# HOOPP PSPA and RRSPs



## TwoTrack (Nov 13, 2019)

My wife has an awesome HOOPP defined benefit pension plan.

Recently (actually 2018, but the CRA notices about RRSP room were just issued), there was a Past Service Pension Adjustment for all of HOOPP - about $18k for her. 

Being fiscally responsible, I had maxed out what room she had for RRSPs, so the $18k PSPA results in negative contribution room. Of $18+k. which typically would mean penalties of 1% per month of over contribution.

However, since it was an 'exempt' PSPA, normally nothing needs to be done, it just means she can't contribute to RRSP until there is positive room again, even if it's 5 yrs or more, don't need to withdraw money, no penalties, etc. And we didn't contribute for 2019.

_This is the bit i have a question about:
_
She has $1300 ish unused contributions available to deduct from previous years. (i've used the $2000 over contribution buffer for years to get that extra little bit of tax deferred growth). So the total is now negative $19300.

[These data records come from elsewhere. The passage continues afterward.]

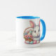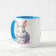 Un adorable lapin blanc de Pâques est prêt avec un panier d'oeufs pastel de Pâques et des fleurs de printemps sont prêts à se cacher le matin de Pâques. Cette jolie tasse est prête pour votre café ou thé du matin de Pâques !
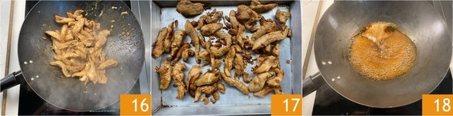 Halten Sie eine mittelhohe Temperatur 16 und nach etwa 8 Minuten, während Sie das Huhn oft im Wok schwenken, erhalten Sie ein schön gebräuntes Fleisch 17. Legen Sie das Huhn auf ein Backblech. Um Speisereste aus dem Wok zu entfernen, geben Sie einfach etwas heißes Wasser hinzu und lassen es einige Momente kochen 18.
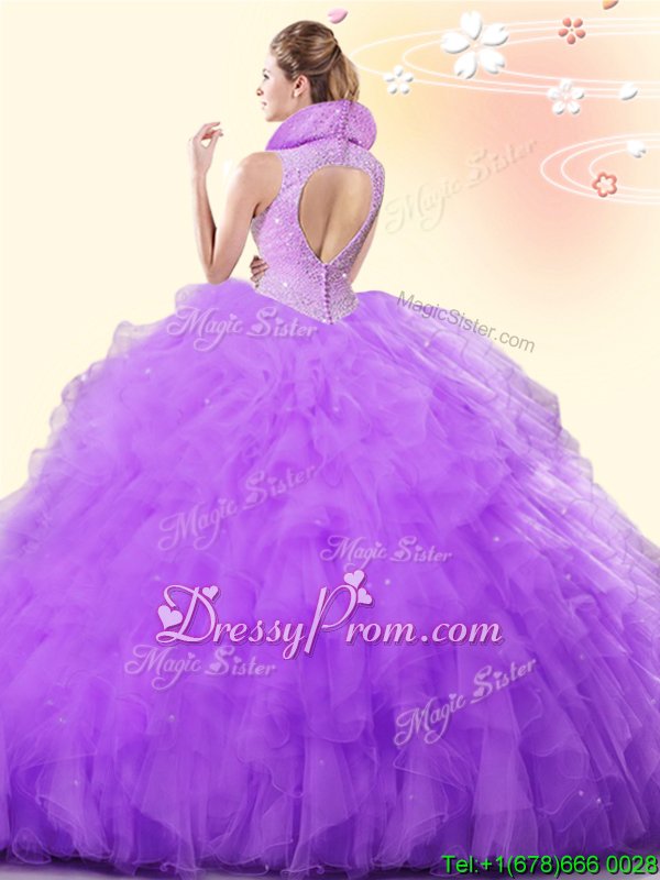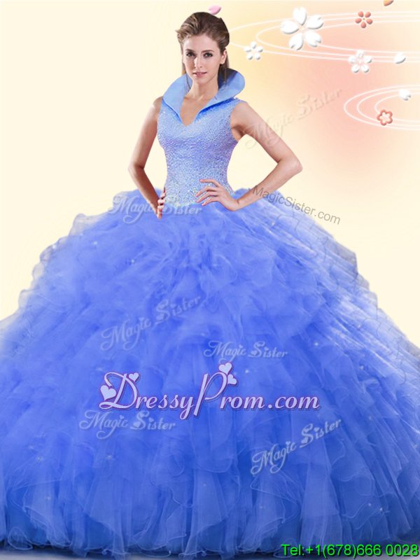Neckline : High-neckShown Color : BlueSilhouette : Ball GownsSleeve Length : sleevelessHemline : floor lengthBack Detail : BacklessFabric : TulleEmbellishment : Beading,RufflesOccasion : Military Ball,Sweet 16,QuinceaneraSeason : Spring,Summer,Fall,Winter
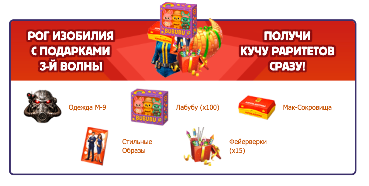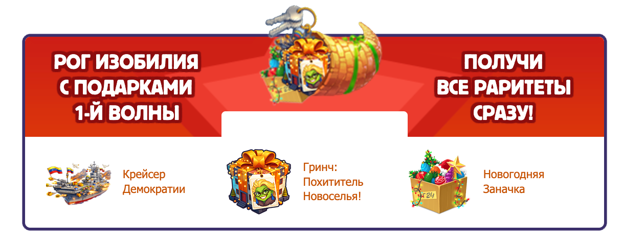 Во всех текущих подарках можно найти рог изобилия с раритетами текущего этапа.
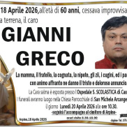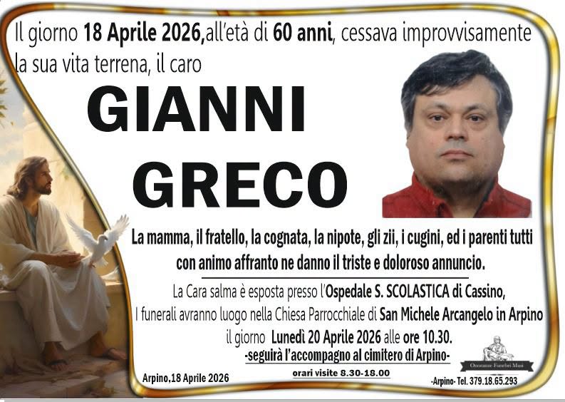 ARPINO - DOMANI I FUNERALI DI GIANNI GRECO
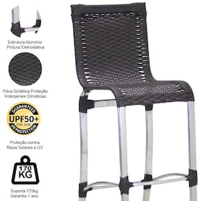 ESPECIFICACOES TECNICAS: - Altura total: 107cm - Altura assento ao chao: 72cm - Largura: 40cm - Profundidade: 50cm - Suporta ate 180 kg
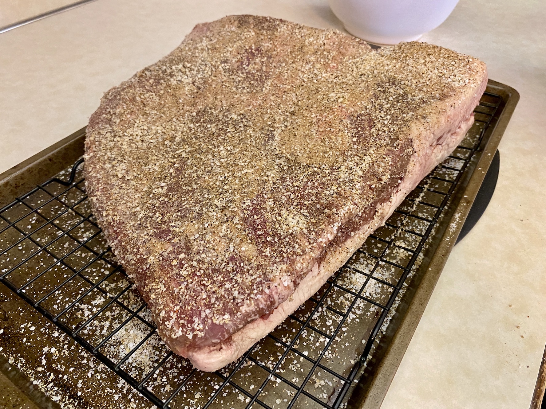 First, make sure you allow yourself PLENTY of time to smoke the brisket and account for more time than necessary so you can enjoy your dinner at a reasonable time instead of eating at 11pm 🙂 I might be speaking from experience…
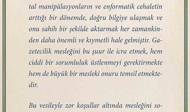 "Çok boyutlu krizlerin, sanal saptırmaların, dijital manipülasyonların ve bilişim cehaletinin arttığı bir dönemde, doğru bilgiye ulaşmak ve onu sahih bir şekilde aktarmak her zamankinden daha önemli ve kıymetli hale gelmiştir. Gazetecilik mesleğini bu şuur ile icra etmek, hem ciddi bir sorumluluk üstlenmeyi gerektirmekte hem de büyük bir mesleki onuru temsil etmektedir. Bu vesileyle zor şartlar altında mesleğini sorumluluk bilinciyle icra eden, hakikatin izini sürerken pusulası doğru bilgi, muhakeme ve vicdan olan tüm kıymetli basın mensuplarını kutluyor, görevi başında hayatını kaybeden basın mensuplarını rahmetle anıyorum."
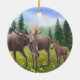 Original fine art design of an Alaskan moose family by illustrator/designer Carolyn McFann of Two Purring Cats Studio on a quality holiday ornament for wildlife fans.
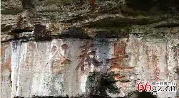 在此处的岩壁摩崖上书有“是春谷”三个大字,每个字长约0.25米,刻于清乾隆五十七年,系清代贵阳人谢庭薰于1788年致仕归里而建,它是贵州省内罕见的篇幅最大,内容最丰富的巨型摩崖,它对研究我国历史文化有很大的参考价值。
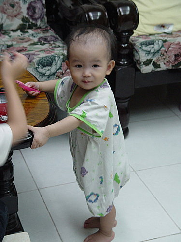 當天他以迅雷不及掩耳的速度進化到人類階段,並且努力的往前邁進。從那天起,除了跟哥哥玩「追追追」的時候會以較快的速度爬行之外,其餘時間都間覺得用站的來從事所有活動;不論吃飯、看電視、玩玩具...真懷疑他怎麼腳不會酸呢?!
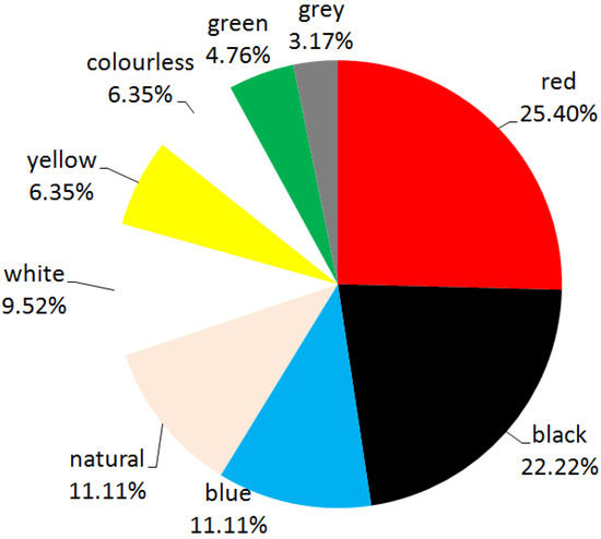 Transparent materials are the most neutral when it comes to the release of noxious fumes, but the respondents indicated that they very rarely printed in this colour—only around 6%; see Figure 10. The most commonly used colour in 3D printing is red, followed by black which is the most polluting and harmful due to its staining with soot.
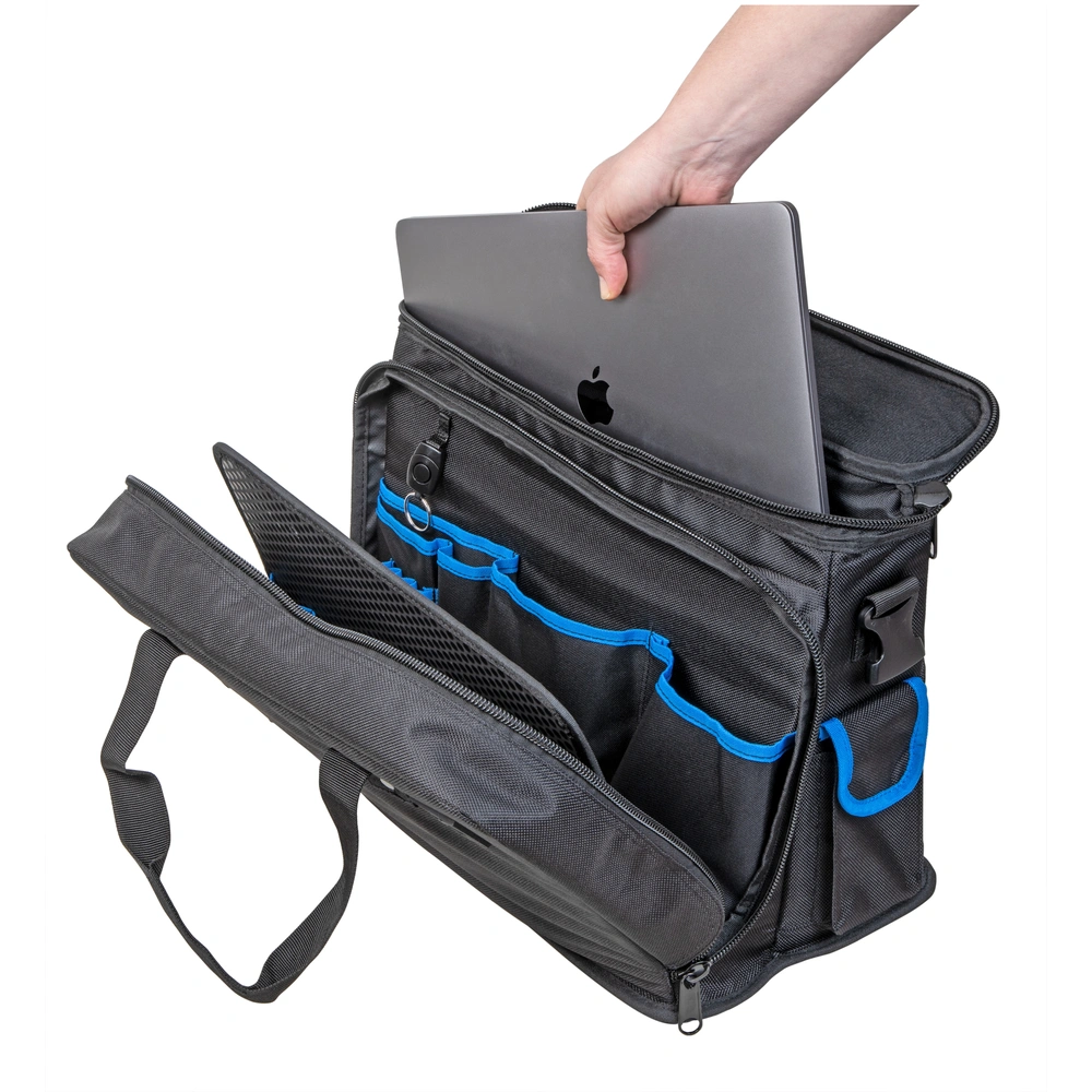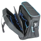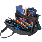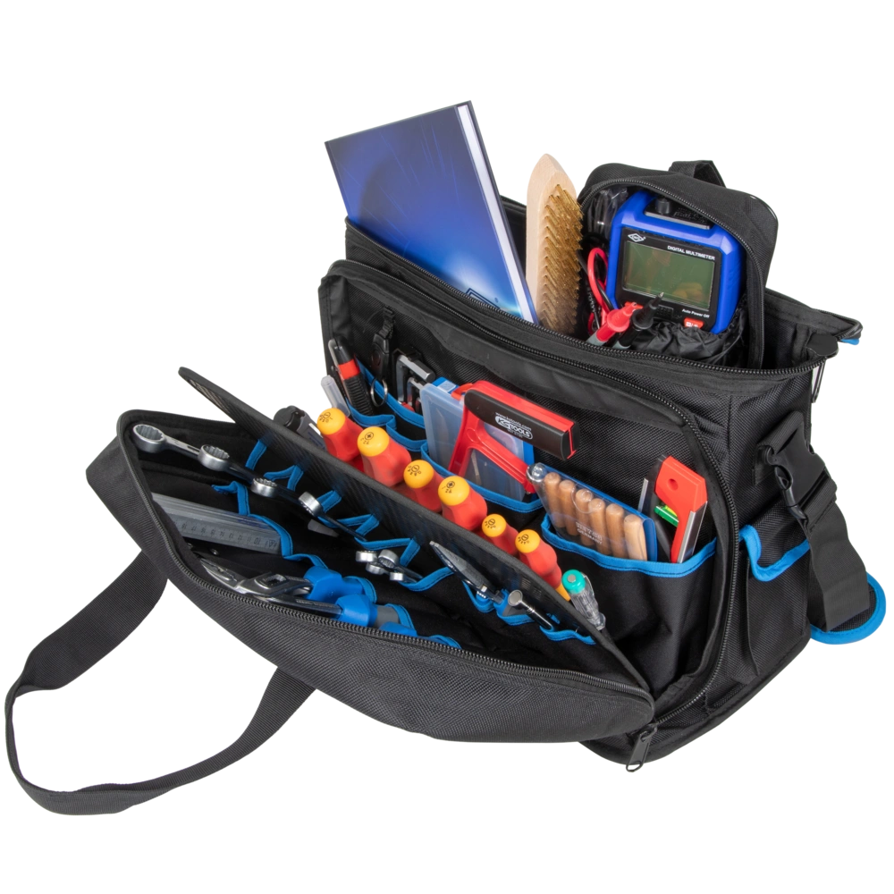 Gereedschapsset voor elektrotechniek en metaalbewerking. De stevige nylon tas heeft lussen en inzetstukken om het handgereedschap overzichtelijk te organiseren. Gevoelige meetapparatuur en een laptop...
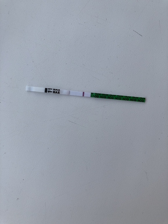 Это беременность, вот уверена я, полоску вижу хорошо, это не реагент, она толстая, как и должна быть. Не поднимайте тяжёлого, возможно, закрепится.
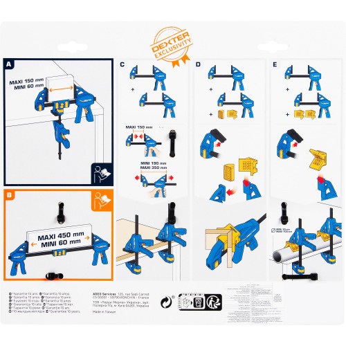 Набор струбцин Dexter 150 мм, 2 шт., угловые насадки
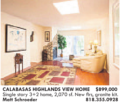 CALABASAS HIGHLANDS VIEW HOME $899,000 Matt Schroeder 818.355.0928

*Do we have to withdraw the $1300?*

I've called HOOPP who can confirm the basic PSPA exemption doesn't trigger a requirement for the $18k to be withdrawn, but cannot comment on $1300

My first call to CRA was a little disappointing, the person told me we had to withdraw the $18k + the $1300 in January 2020. Both. But didn't really seem to know, was just reading a few things and suggested "to be safe you should just withdraw from RRSP". I will be following up again with CRA.

Any thoughts / knowledge from CMF?


----------



## TwoTrack (Nov 13, 2019)

Crud. I was hoping for some insight. I'm pretty sure I'll be withdrawing the $1300 only.


----------